Quote the data exactly, first line to the line containing "Zbluzowanie w okolicach", with no pictures.

Collected material:
=== Section Start ===
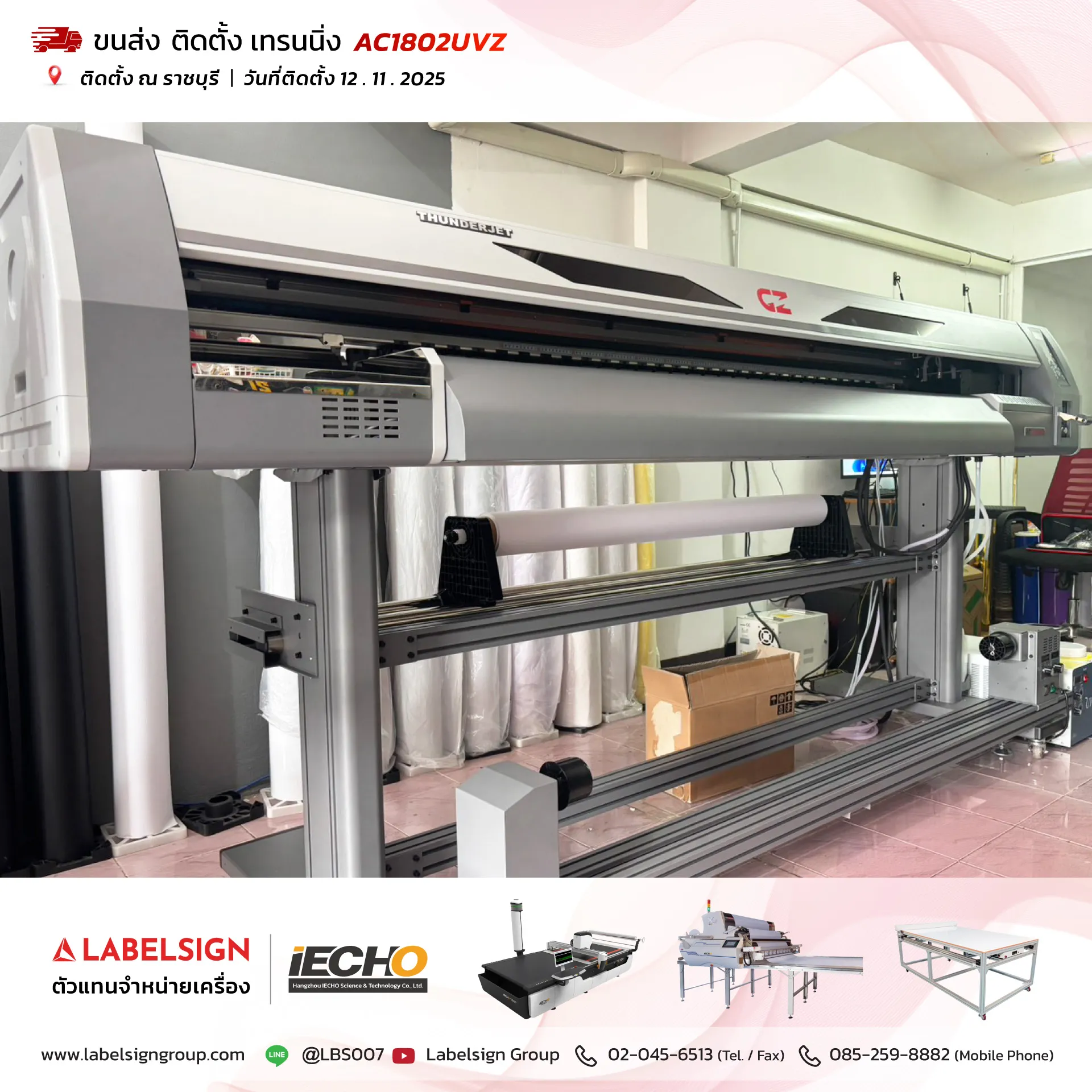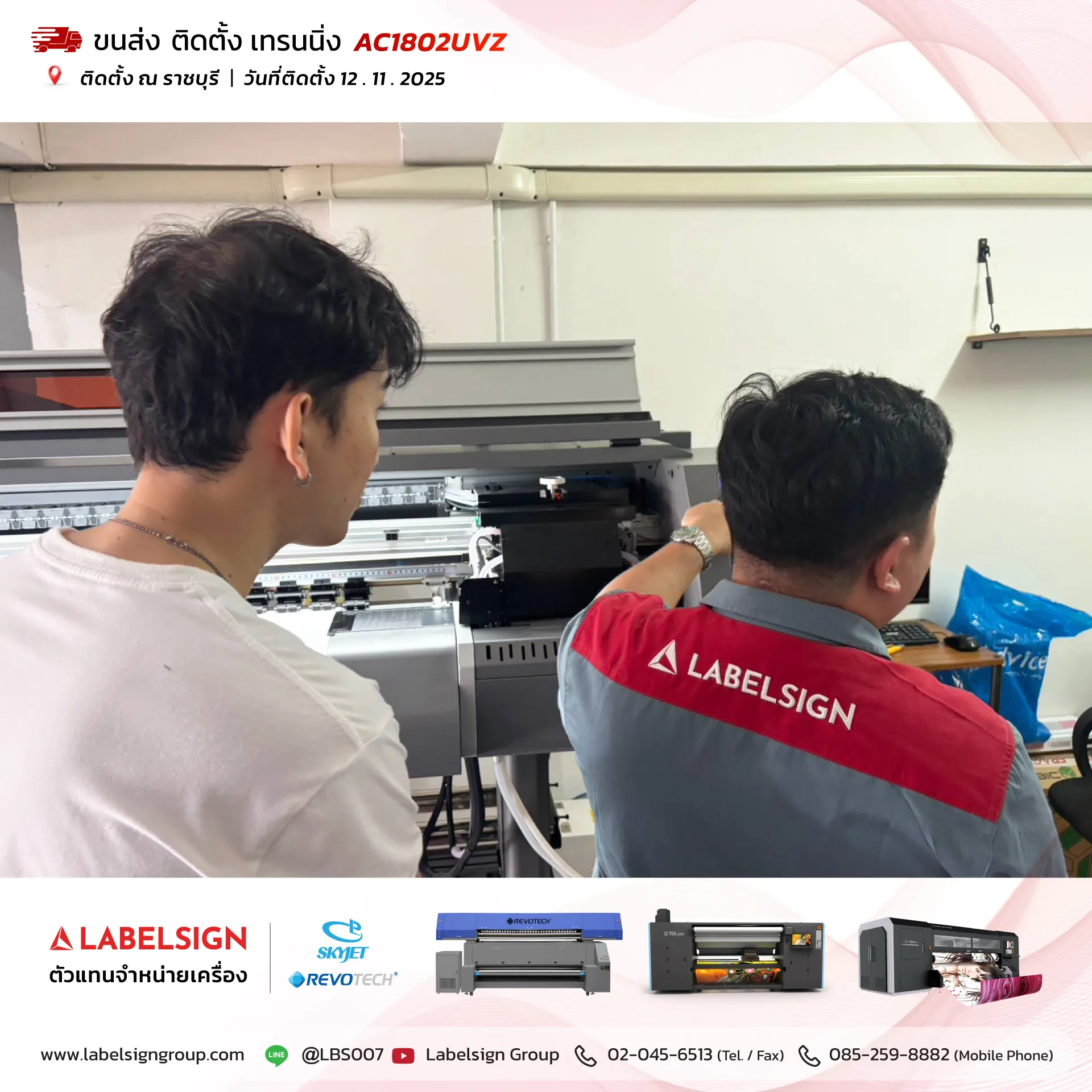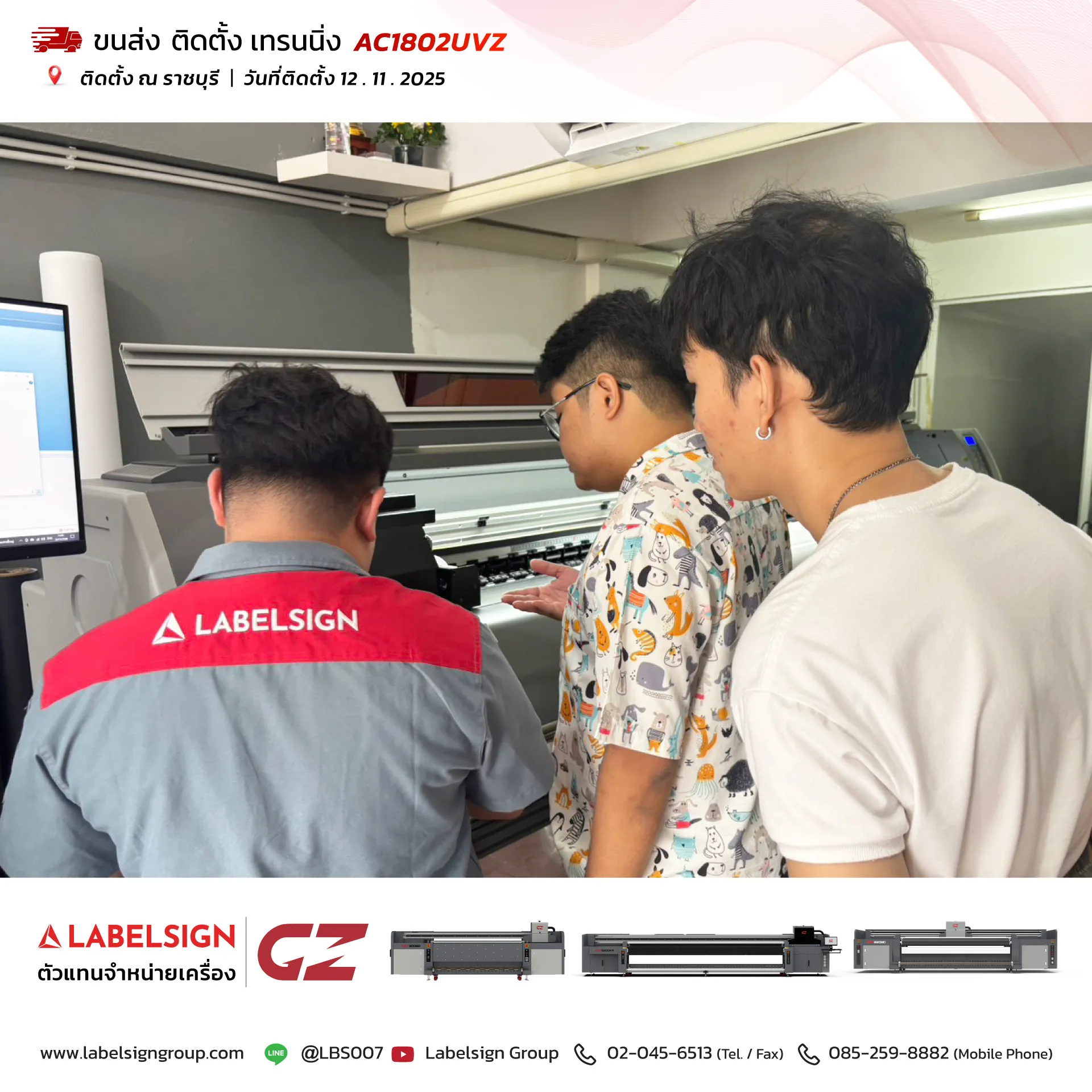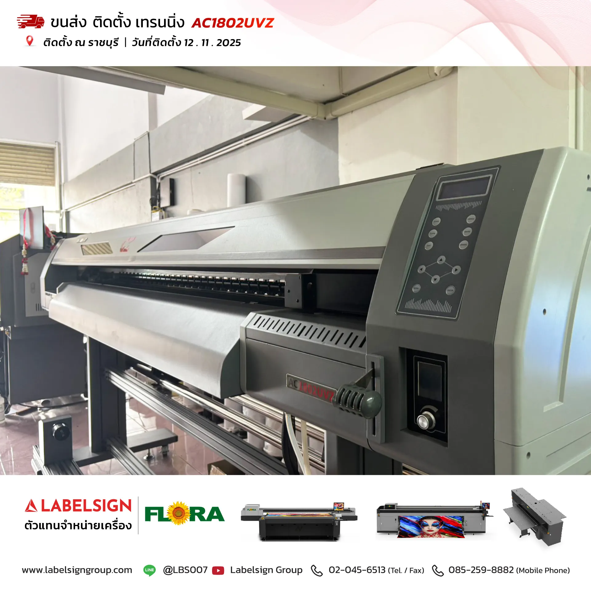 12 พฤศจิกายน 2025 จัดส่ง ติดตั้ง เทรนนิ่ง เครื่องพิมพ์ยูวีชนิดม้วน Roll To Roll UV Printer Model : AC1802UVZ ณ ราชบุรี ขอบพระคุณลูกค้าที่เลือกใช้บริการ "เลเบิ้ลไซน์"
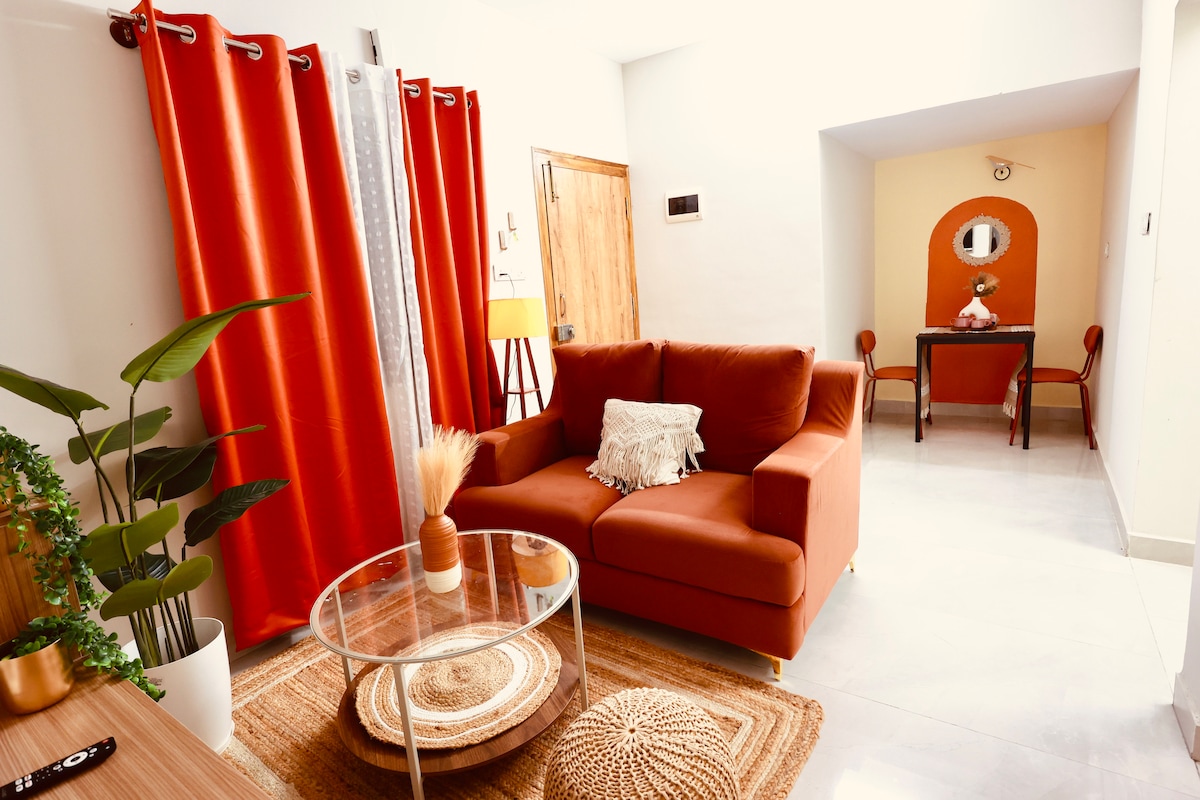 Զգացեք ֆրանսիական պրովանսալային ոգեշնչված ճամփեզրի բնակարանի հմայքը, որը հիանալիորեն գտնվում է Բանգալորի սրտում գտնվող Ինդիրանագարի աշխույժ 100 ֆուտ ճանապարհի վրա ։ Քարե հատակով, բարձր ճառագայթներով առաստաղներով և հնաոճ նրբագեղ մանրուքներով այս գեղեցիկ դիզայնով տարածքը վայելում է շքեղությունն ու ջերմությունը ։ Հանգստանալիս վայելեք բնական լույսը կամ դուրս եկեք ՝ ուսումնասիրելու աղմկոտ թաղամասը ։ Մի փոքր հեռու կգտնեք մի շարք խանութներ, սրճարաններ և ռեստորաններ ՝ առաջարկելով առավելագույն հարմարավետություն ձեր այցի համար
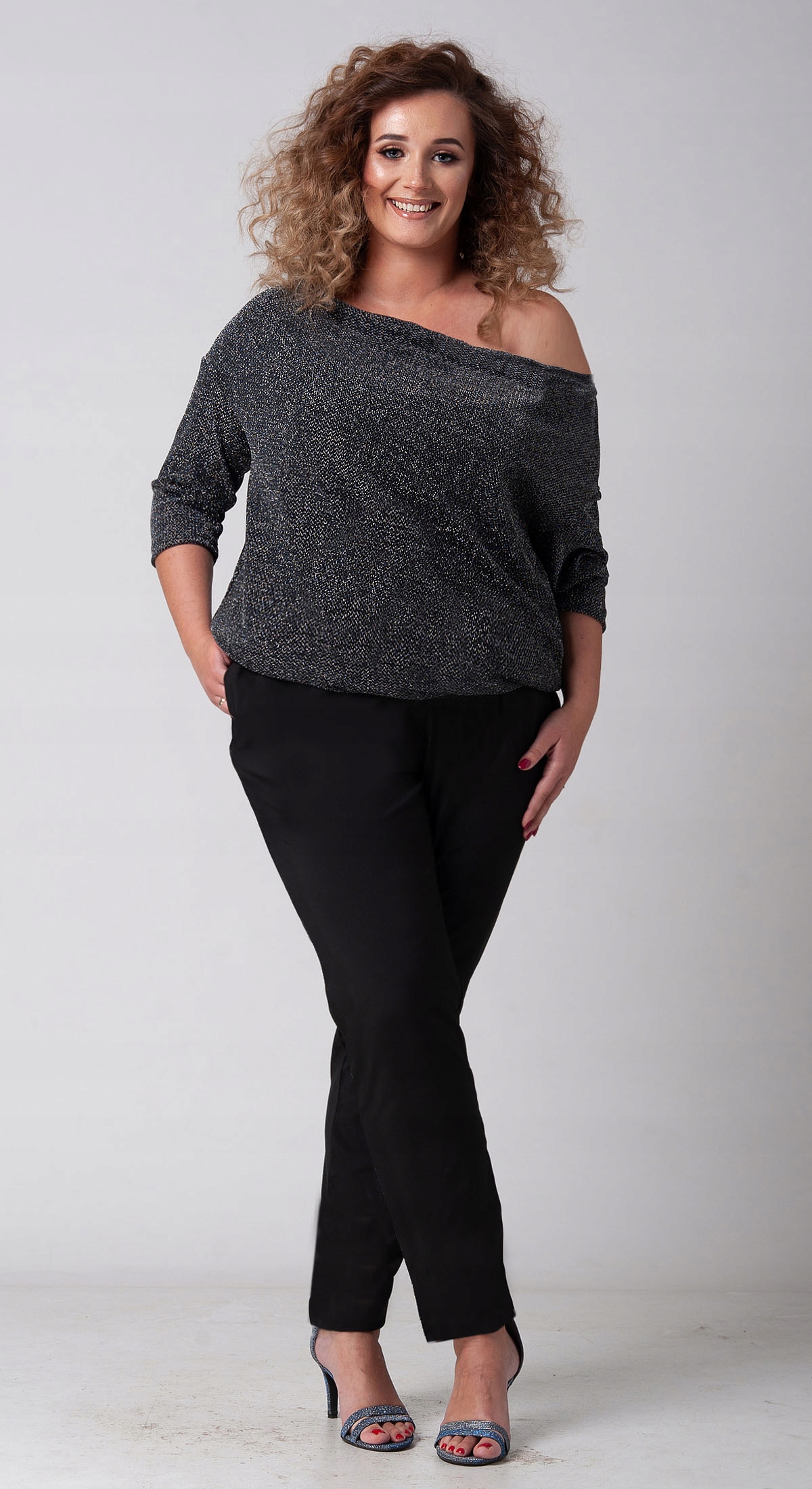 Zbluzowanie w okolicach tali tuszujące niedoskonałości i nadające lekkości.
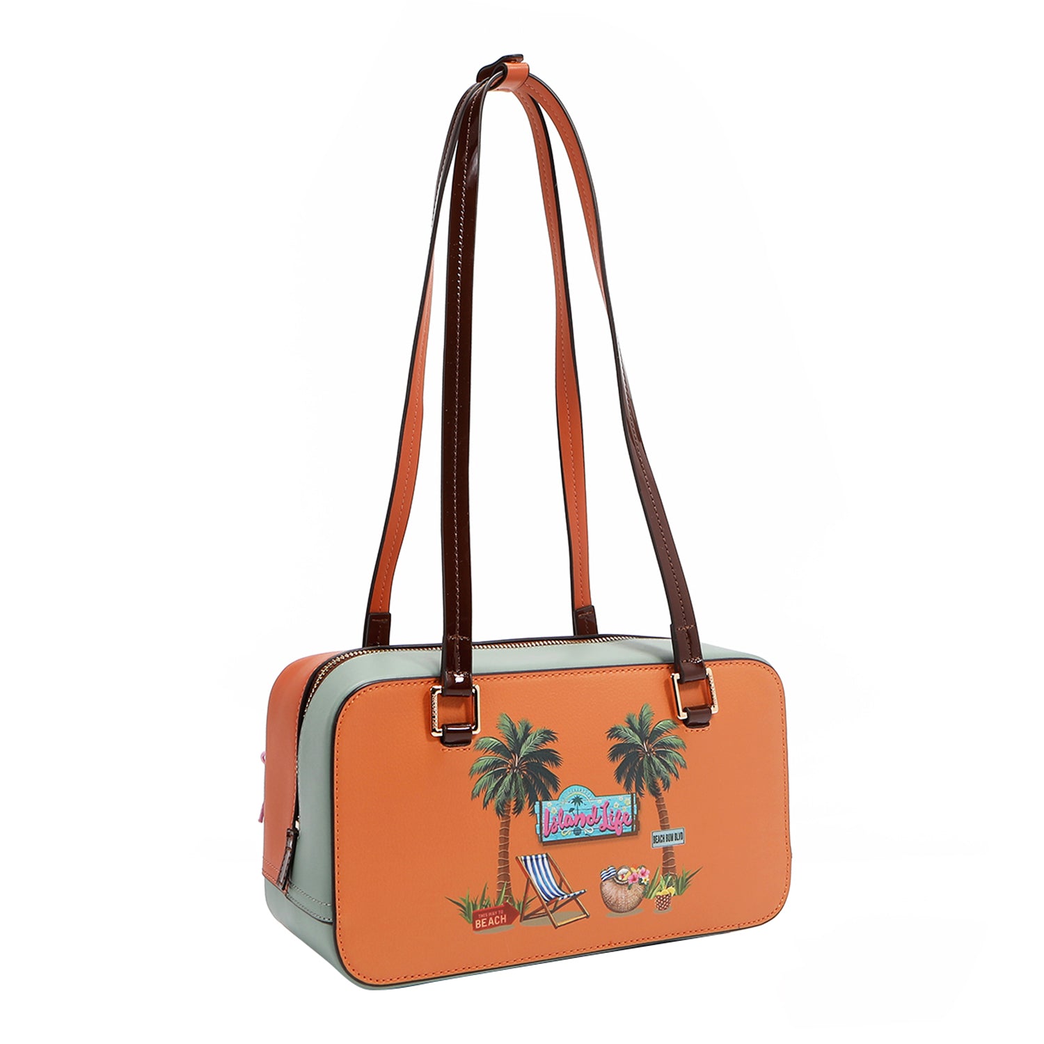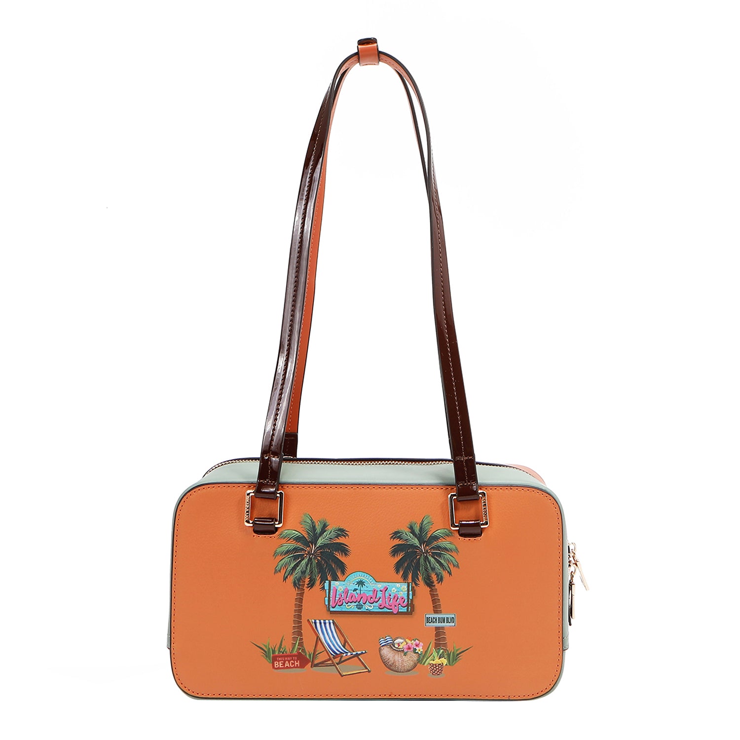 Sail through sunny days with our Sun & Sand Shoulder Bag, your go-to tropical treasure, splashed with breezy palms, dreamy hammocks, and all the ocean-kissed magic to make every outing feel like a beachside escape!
=== Section End ===
Solution for this exercise:
 12 พฤศจิกายน 2025 จัดส่ง ติดตั้ง เทรนนิ่ง เครื่องพิมพ์ยูวีชนิดม้วน Roll To Roll UV Printer Model : AC1802UVZ ณ ราชบุรี ขอบพระคุณลูกค้าที่เลือกใช้บริการ "เลเบิ้ลไซน์"
 Զգացեք ֆրանսիական պրովանսալային ոգեշնչված ճամփեզրի բնակարանի հմայքը, որը հիանալիորեն գտնվում է Բանգալորի սրտում գտնվող Ինդիրանագարի աշխույժ 100 ֆուտ ճանապարհի վրա ։ Քարե հատակով, բարձր ճառագայթներով առաստաղներով և հնաոճ նրբագեղ մանրուքներով այս գեղեցիկ դիզայնով տարածքը վայելում է շքեղությունն ու ջերմությունը ։ Հանգստանալիս վայելեք բնական լույսը կամ դուրս եկեք ՝ ուսումնասիրելու աղմկոտ թաղամասը ։ Մի փոքր հեռու կգտնեք մի շարք խանութներ, սրճարաններ և ռեստորաններ ՝ առաջարկելով առավելագույն հարմարավետություն ձեր այցի համար
 Zbluzowanie w okolicach tali tuszujące niedoskonałości i nadające lekkości.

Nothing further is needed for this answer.